Mr. Adamowicz, who died on Feb. 9 at 43, was a concept artist whose paintings of exotic landscapes, monsters and elaborately costumed heroes and villains formed the visual foundation for two of the most popular single-player role-playing video games of all time.
In Fallout 3, he envisioned a post-apocalyptic Washington; in the other, The Elder Scrolls V: Skyrim, he co-created the look of a vast fantasy world.

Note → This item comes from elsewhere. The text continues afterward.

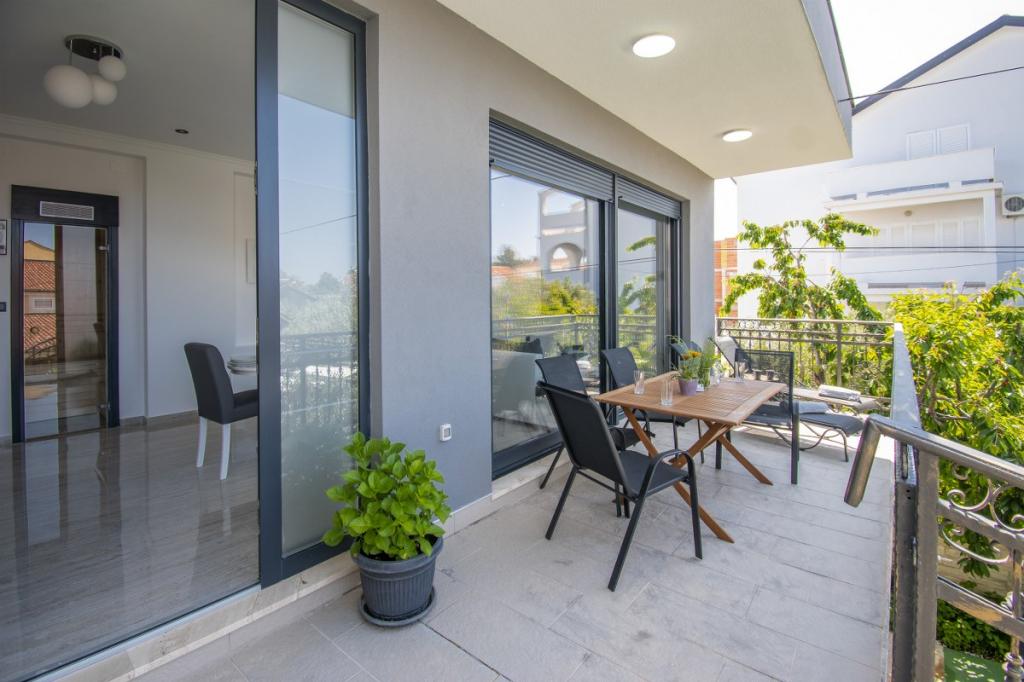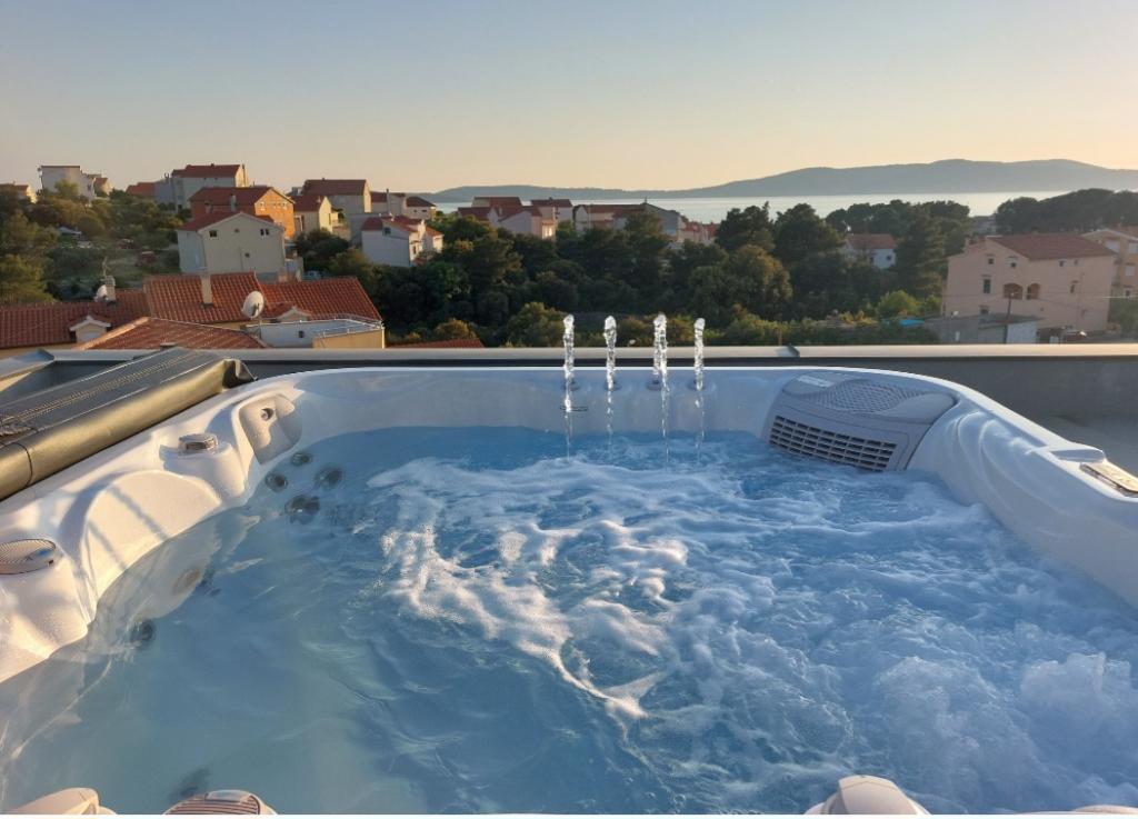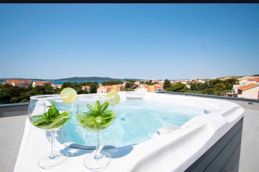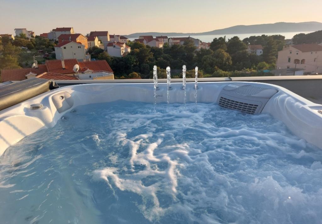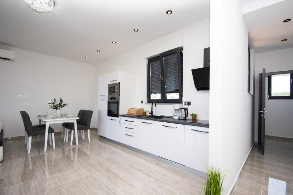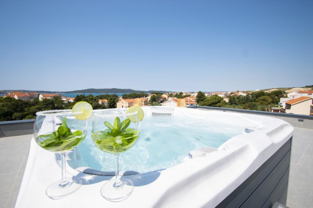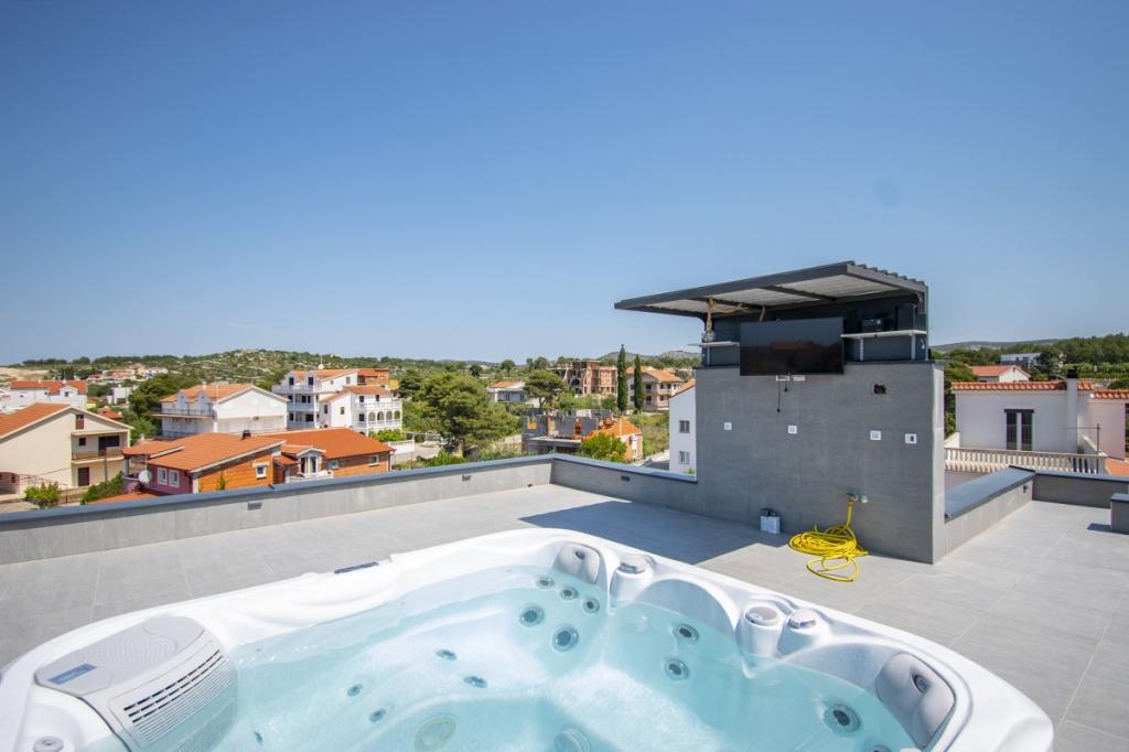 Dům pro 10 osob s bazénem a jacuzzi se nachází v klidné části Brodarica, obklopený spoustou zeleně a květin. První dva byty jsou v přízemí, jeden má 45 m2 a druhý 50 m2. Každý apartmán má ložnici s manželskou postelí, kuchyň, rozkládací pohovku, koupelnu a terasu se stolem a židlemi. Třetí apartmán je 90 m2, nachází se v prvním patře, má dvě velké dvoulůžkové ložnice, velký obývací pokoj, kuchyň, koupelnu a terasu 45 m2 se stolem a židlemi. Je vhodný pro trochu větší rodinu a přátele. Byt je klimatizovaný. Čtvrtý apartmán je luxusně zařízený, cca 100m2, má velký obývací pokoj, plně vybavenou kuchyň, velký pokoj s televizí a klimatizací, v bytě je i sauna. na střeše je vířivka s velkou terasou. každý apartmán má klimatizaci a každý pokoj má také televizi. Bazén je společný. Dům je 5-6 minut chůze od moře. Vedle domu jsou další dva byty, jeden má 110m2 luxusně zařízený a druhý 55m2.

Together the games have sold more than 15 million copies and earned more than $900 million since they were released, Fallout in autumn 2008 and Skyrim in autumn 2011.
His death, at a hospital in Washington, of complications of lung cancer, was confirmed by Pete Hines, a vice president of Bethesda Softworks, the company that created both games.
Whether sketching out a mutant-riddled, atomically ravaged downtown Washington or a sprawling continent populated by wizards and trolls, Mr. Adamowicz was, in a sense, the costume designer, prop master and set designer for highly cinematic games. Other team members would render Mr. Adamowicz’s drawings on computers once the writers and art director approved them.
“All of the designs evolve through contributions from the whole team,” he wrote in an essay about conceptual design on the Fallout Web site. “I like to feel that it’s my job to instigate the process with a cool drawing that inspires everyone else here into making something really cool.”
Mr. Adamowicz (pronounced a-DOM-oh-wits) conceptualized virtually everything in Fallout 3: locations like a crumbling Washington Monument and coin-operated personal bomb shelters; items like the Pip-Boy 3000 — an electronic wrist computer that serves as a player’s conduit to menus, maps and other vital information — and the Fat Man, a weapon that launches miniature nuclear bombs; and monsters ranging from mutated naked mole rats to 30-foot-tall super mutant behemoths.
“He was one of the first people on Fallout 3 and he drew every concept image we had,” said Todd Howard, the game director for both Fallout 3 and Skyrim. “We’re talking over a thousand images, for years.”
Mr. Adamowicz worked with a fellow concept artist, Ray Lederer, on Skyrim, but came up with the look and feel of the game’s marquee monster, fearsome dragons that would intimidate Smaug, the venerable wyrm from “The Hobbit.” Skyrim is the first of the Elder Scrolls series to let players battle them.
Adam Carl Adamowicz was born on March 9, 1968, in Huntington, on Long Island. He received a bachelor’s degree in psychology from the University of Colorado, Boulder, in 1990. He studied oil painting, figure drawing and palette mixing at the Boulder Academy of Fine Arts in 2002 and 2003.
Mr. Adamowicz worked as a freelance illustrator for Dark Horse Comics and Malibu Graphics and held down odd jobs, like haunted house builder and erotic cake artisan, according to his blog, before landing his position at Bethesda in 2005.
He is survived by his mother, Moira Adamowicz.
Fallout 3 is suffused with humorous touches of nostalgia for the time before a nuclear war had ended the world as we know it. (For example, the Ink Spots’ 1941 song “I Don’t Want to Set the World on Fire” plays on the radio as a player explores the radioactive rubble.)
Mr. Adamowicz actually had the wholesomeness of “Leave It to Beaver” in mind when he imagined a post-apocalyptic world. The game really begins when the protagonist escapes from a technologically advanced 1950s-style society that has survived for hundreds of years in a huge subterranean bomb shelter.
“I have an interest in all things ’50s because I think there’s a certain charisma with the music, with the automobiles, with the clothing style,” Mr. Adamowicz said in an interview included as bonus content when Fallout 3 was released. “So designing any of these characters and then throwing them into the wasteland, the dark humor for me kicked in when I imagined Ward Cleaver being pushed out of his bunker and he’s looking for fresh tobacco for his pipe and then here comes a raider over the top of the horizon.”